§ What you will do
Beginning with the line that holds "Day 7 of the" in the data below, give again every line through the one that holds "お見積り | 申込み |", exactly as written.

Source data
-*-

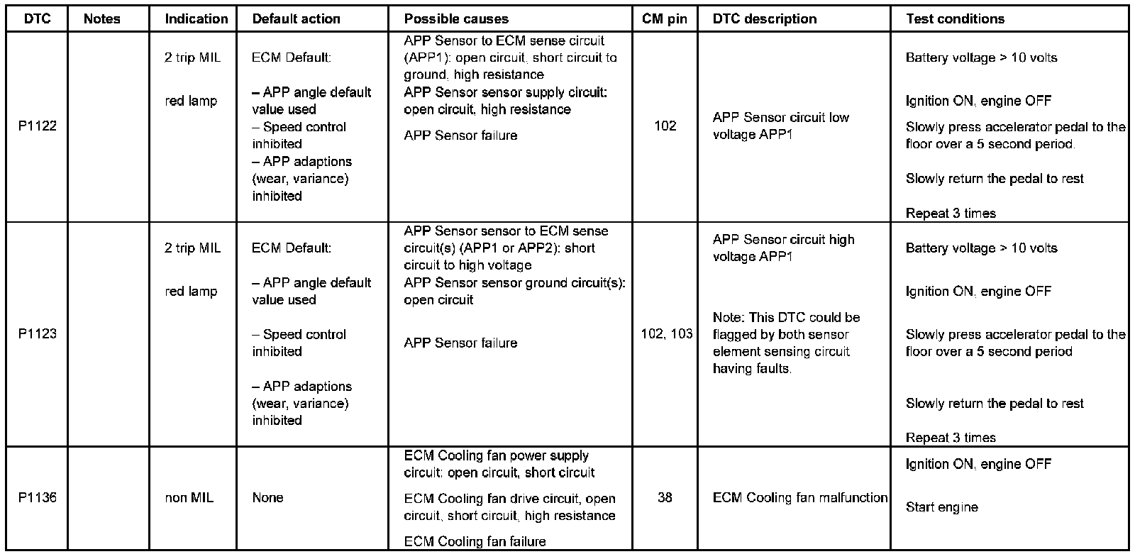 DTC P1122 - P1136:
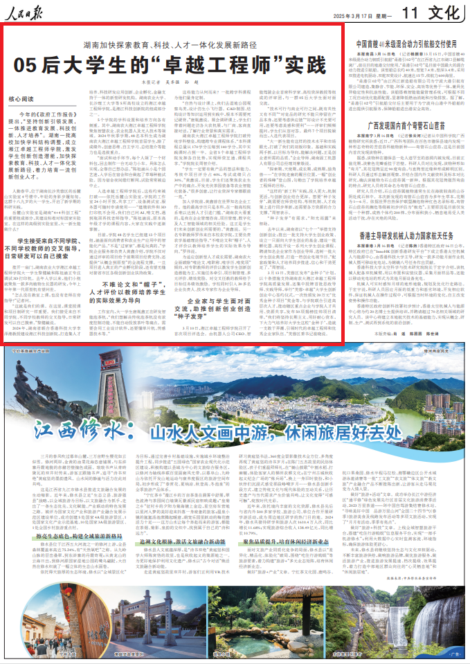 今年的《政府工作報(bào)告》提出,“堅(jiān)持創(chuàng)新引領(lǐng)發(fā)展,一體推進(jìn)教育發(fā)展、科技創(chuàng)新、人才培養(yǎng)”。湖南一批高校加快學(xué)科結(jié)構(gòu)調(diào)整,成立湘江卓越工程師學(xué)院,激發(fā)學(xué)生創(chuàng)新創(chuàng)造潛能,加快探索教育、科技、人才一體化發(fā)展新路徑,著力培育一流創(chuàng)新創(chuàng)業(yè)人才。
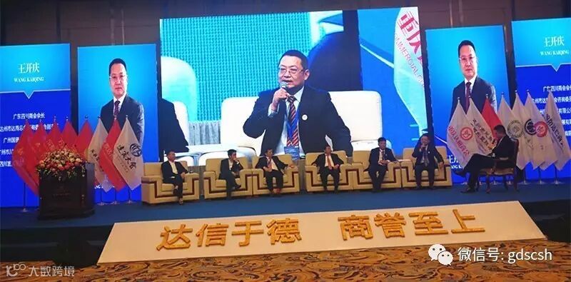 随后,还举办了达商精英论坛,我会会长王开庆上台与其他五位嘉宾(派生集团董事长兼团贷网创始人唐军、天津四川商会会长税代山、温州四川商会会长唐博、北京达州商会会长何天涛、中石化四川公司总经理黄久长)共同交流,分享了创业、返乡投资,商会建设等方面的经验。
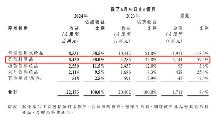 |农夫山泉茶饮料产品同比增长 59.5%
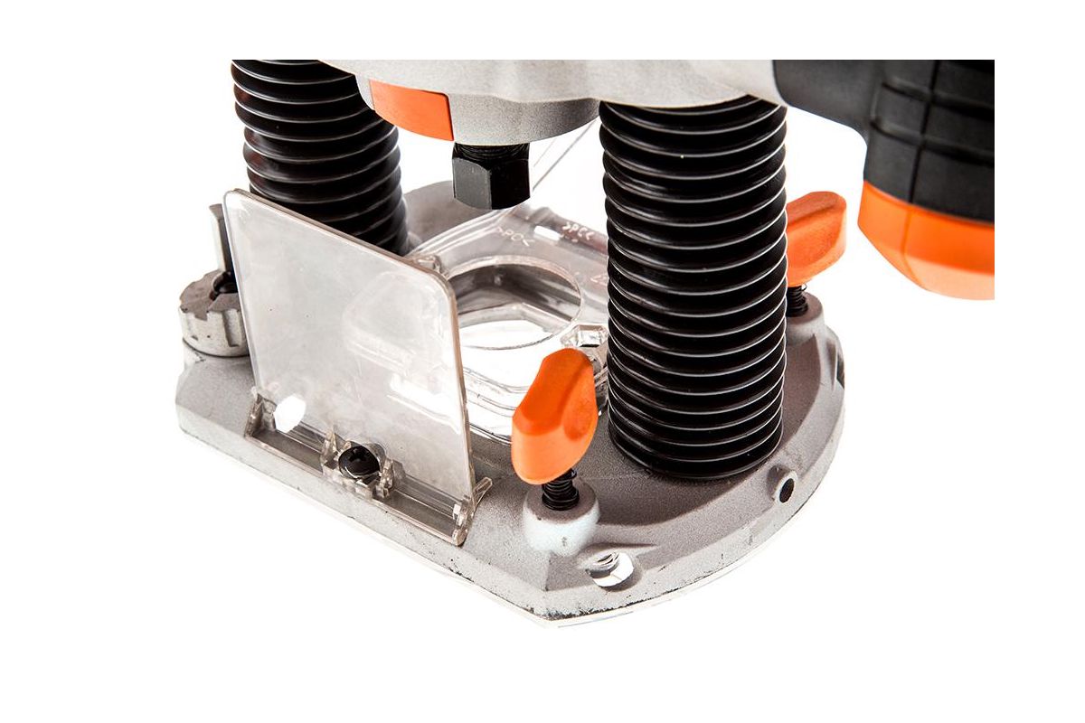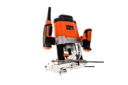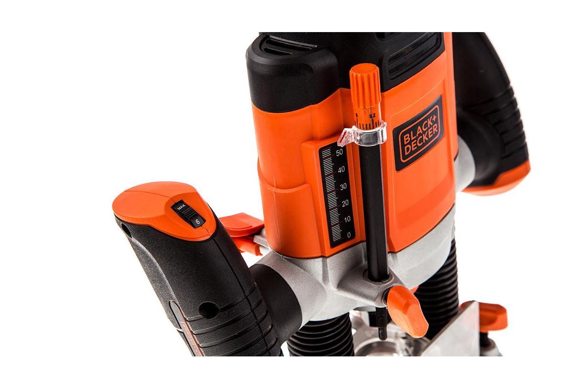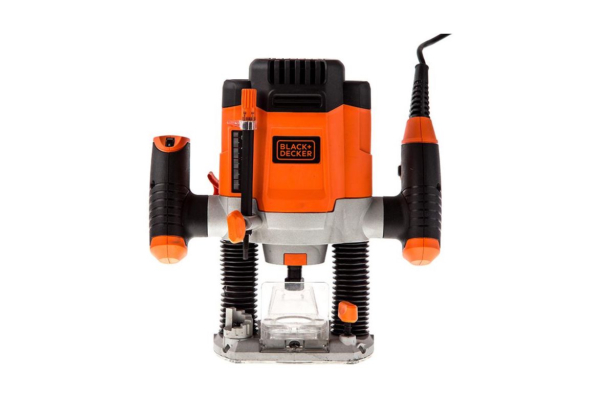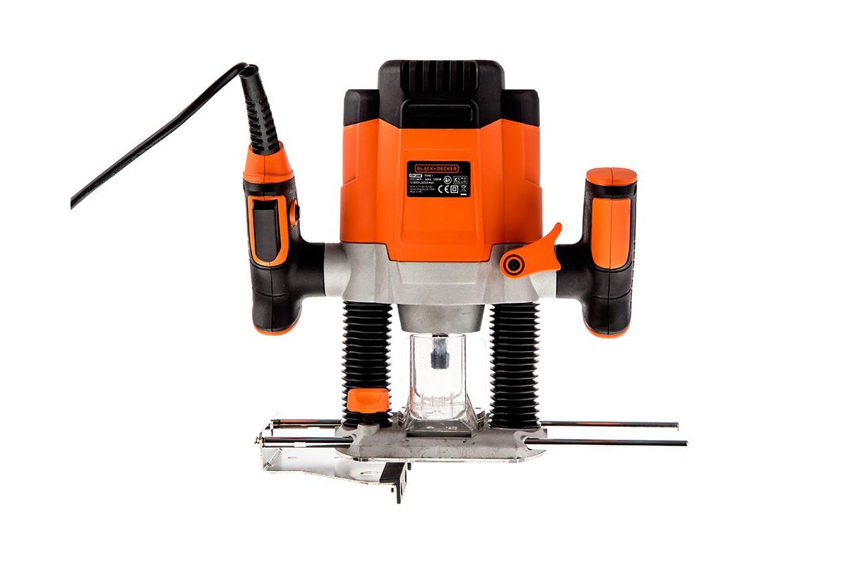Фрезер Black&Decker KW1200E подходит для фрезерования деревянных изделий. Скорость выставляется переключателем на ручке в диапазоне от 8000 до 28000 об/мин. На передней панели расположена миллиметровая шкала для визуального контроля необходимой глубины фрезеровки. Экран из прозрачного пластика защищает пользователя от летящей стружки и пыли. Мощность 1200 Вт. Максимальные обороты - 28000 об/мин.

-*-

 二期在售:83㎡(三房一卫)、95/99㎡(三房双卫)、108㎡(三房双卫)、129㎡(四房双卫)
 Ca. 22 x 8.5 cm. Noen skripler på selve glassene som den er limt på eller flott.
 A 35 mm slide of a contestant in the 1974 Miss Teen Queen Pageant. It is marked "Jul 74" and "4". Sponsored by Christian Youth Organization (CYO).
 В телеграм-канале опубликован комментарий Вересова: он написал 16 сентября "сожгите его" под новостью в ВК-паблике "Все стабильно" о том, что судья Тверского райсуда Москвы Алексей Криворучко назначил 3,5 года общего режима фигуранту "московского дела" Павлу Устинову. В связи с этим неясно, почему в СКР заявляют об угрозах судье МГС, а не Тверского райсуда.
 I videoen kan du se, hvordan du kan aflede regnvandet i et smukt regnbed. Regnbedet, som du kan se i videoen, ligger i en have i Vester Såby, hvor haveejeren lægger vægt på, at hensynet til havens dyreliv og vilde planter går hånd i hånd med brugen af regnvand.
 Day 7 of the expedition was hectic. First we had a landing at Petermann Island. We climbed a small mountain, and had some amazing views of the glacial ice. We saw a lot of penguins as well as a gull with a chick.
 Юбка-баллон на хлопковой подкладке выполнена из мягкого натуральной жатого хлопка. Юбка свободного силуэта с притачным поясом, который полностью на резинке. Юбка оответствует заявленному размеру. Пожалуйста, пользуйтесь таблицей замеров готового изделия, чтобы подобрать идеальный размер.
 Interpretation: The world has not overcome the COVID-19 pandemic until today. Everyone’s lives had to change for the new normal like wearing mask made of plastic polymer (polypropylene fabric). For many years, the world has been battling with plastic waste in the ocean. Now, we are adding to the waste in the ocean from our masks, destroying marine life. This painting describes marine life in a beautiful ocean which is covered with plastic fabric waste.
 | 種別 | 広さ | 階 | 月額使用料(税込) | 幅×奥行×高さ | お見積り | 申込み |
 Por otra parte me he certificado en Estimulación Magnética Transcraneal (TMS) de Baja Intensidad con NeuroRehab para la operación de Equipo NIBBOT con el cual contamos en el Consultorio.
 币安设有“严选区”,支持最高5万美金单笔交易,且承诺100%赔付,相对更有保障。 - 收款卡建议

-*-

§ Expected answer
 Day 7 of the expedition was hectic. First we had a landing at Petermann Island. We climbed a small mountain, and had some amazing views of the glacial ice. We saw a lot of penguins as well as a gull with a chick.
 Юбка-баллон на хлопковой подкладке выполнена из мягкого натуральной жатого хлопка. Юбка свободного силуэта с притачным поясом, который полностью на резинке. Юбка оответствует заявленному размеру. Пожалуйста, пользуйтесь таблицей замеров готового изделия, чтобы подобрать идеальный размер.
 Interpretation: The world has not overcome the COVID-19 pandemic until today. Everyone’s lives had to change for the new normal like wearing mask made of plastic polymer (polypropylene fabric). For many years, the world has been battling with plastic waste in the ocean. Now, we are adding to the waste in the ocean from our masks, destroying marine life. This painting describes marine life in a beautiful ocean which is covered with plastic fabric waste.
 | 種別 | 広さ | 階 | 月額使用料(税込) | 幅×奥行×高さ | お見積り | 申込み |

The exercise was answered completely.